Speaker
Description
Flux pumps are gaining traction as alternatives to traditional power supplies for HTS magnets due to their reduced heat-leak and compactness. Automatic flux pumps are the simplest embodiment and rely on a section of superconductor parallel to the load magnet, known as the bridge, being driven outside its critical surface by an induced voltage on the secondary of a transformer. Most previously reported automatic HTS flux pumps have been experimental prototypes, using programmable laboratory power supplies to drive the transformer primary. Here we report on an automatic HTS flux pump driven from a compact 24 V Nickel Metal Hydride (NiMH) battery pack, by a custom half-bridge inverter through a 1000:1 transformer. This configuration achieved DC load current above 120 A in a small inductive HTS load when operating at 1 Hz.
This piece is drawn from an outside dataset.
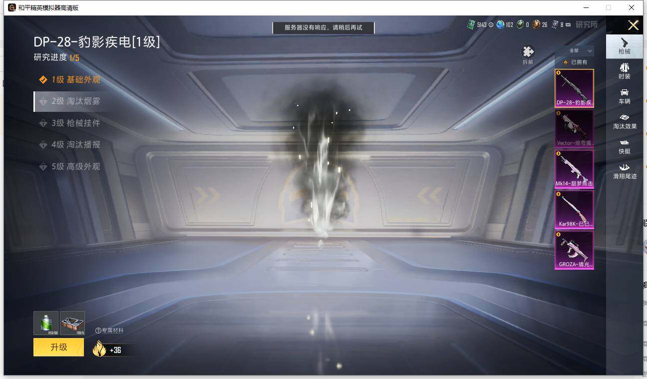 【粉色枪皮等级】:GROZA-镜光银凌(一级),Vector-绯穹魔姬(一级),Kar98K-巳巳如意(一级),Mk14-甜梦熊击(一级),DP-28-豹影疾电(一级)

We replicate several previously reported results, including the benefits of using copper in the transformer secondary loop and having a non-inductive bifilar bridge section made from REBCO tape. We also introduce several simplifications, including driving the transformer primary with a rectangular voltage pulse waveform and replacing the primary-side power supply with a battery and discrete power semiconductors. Further, we develop a clear model of the automatic flux pump, which demonstrates the relationships between the secondary-side fixed resistance, leakage inductance, operating frequency, charging rate and maximum current. Our results show that automatic HTS flux pumps are simple, well-understood and are ready for application as HTS magnet power supplies in demonstration systems.